Subscribe Today!

Sanctioned wheatpastes! Mural Arts turns a corner.


sponsored

The Mural Arts Program has been adding some new, contemporary tactics to their mission to paint the town red and blue and yellow.

Here’s the link to a small story from yesterday’s Inky about an interesting MAP program that is distinctly contemporary, and a welcome change in tactics–featuring art that is, like the story, small enough to miss: ‘Quick and dirty’ street art drawing viewers to river

Thanks to Miriam Singer, who alerted us to this story, which features a MAP program she herself participates in. Although the online version at the Inky has only two images, they clearly have a very different flavor from the bread and butter of MAP.

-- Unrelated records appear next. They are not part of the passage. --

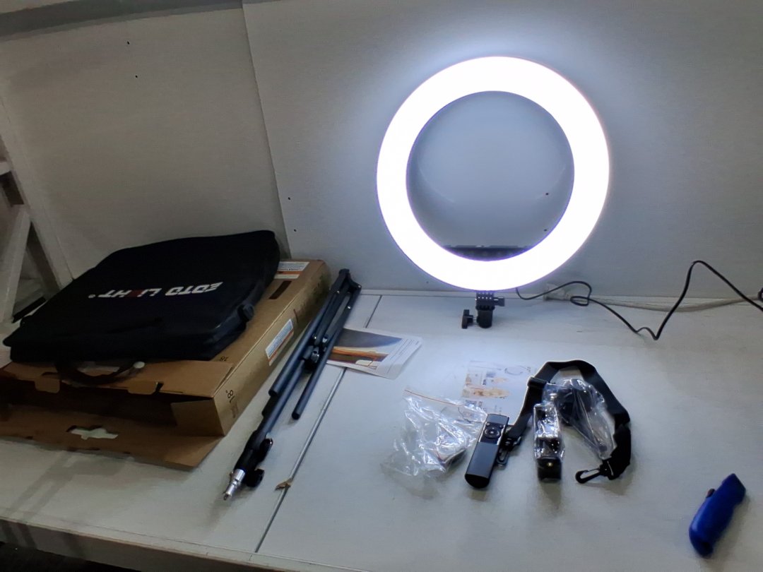 FOSOTO RING LIGHT LED KIT W/ STAND, REMOTE, CARRY BAG AND PHONE MOUNT, 3 LIGHTS, 18". 60W
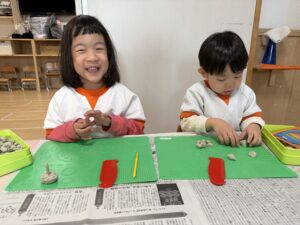 来週はいよいよ節分があります。自分たちで作った豆を持って、心の中の鬼も退治できるかな?
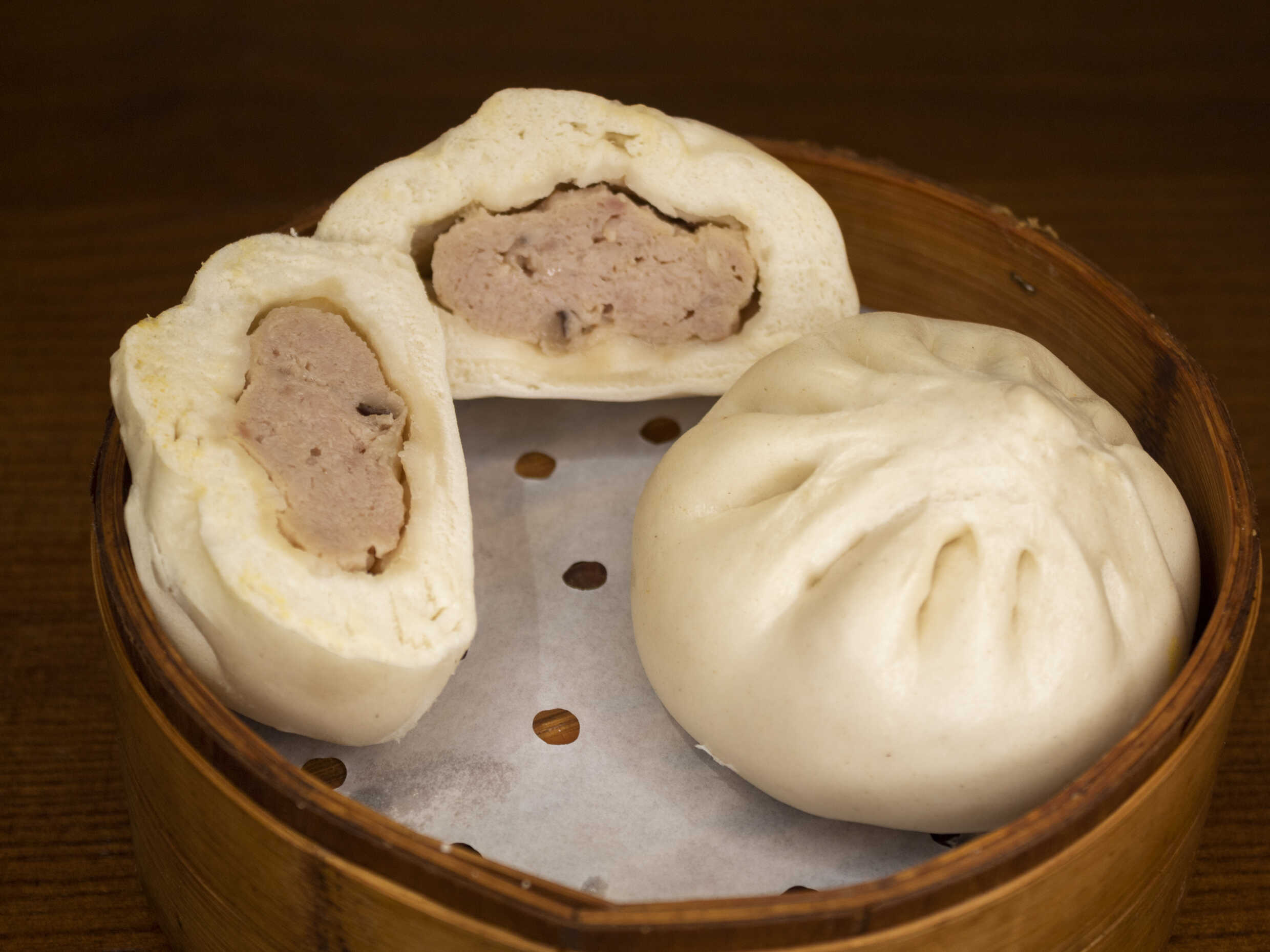 2 unidades de pan elaborado al vapor rellenos de trocitos de lechon una salsa especial.

It’s also a departure from MAP’s Steve Powers project, A Love Letter for You along the Market Frankford line in West Philadelphia–dedicated to Philadelphia graffiti meister Cornbread.  This project, too is somewhat of a departure, with its hip content, hip artist, and its return to graffiti roots.

(Murray distinctly remembers a Tony Auth cartoon that ran in the Philadelphia Inquirer 40 years ago depicting the first astronaut landing on the moon and finding an inscription reading, Cornbread was here).

If you’re wondering why we didn’t write a word about Love Letter, why rehash what was all over the main stream media?

Steve Powerrs, A Love Letter to You, detail, image from http://www.gradientmagazine.com/2009/08/artist-steven-powers-curated-love-letter-project/
Steve Powerrs, A Love Letter to You, detail, image from http://www.gradientmagazine.com/2009/08/artist-steven-powers-curated-love-letter-project/

Love Letter is way ambitious. The content and imagery of the Powers images are billboards and advertising across buildings along the length of the West Philadelphia el. It is a narrative across real time and real space–along the train line. But it is also a narrative that moves across another facet of time and space–back through Philadelphia graffiti history, to the true tale of a boy who woos girl with graffiti.

Nonetheless, the project is less of a departure than you might think. Love Letter, like the other murals, is huge, even as it inserts itself slyly in the urban cacophany of words and come-ons.

Large murals–whatever their style and content–domineer the public spaces. The small new works in the Inky article avoid that salespitch of the billboard scale. They are more like having a small artwork in a corner at home. And the imagery included in the story has the peppy look of grassroots political street art–screenprints and wheatpastes that seem scattered around the cityscape.

With this modest approach–a sort of anti-graffiti graffiti with permission from the residents–somehow MAP has found a new way back to its original mission and out of the corner in which it had painted itself!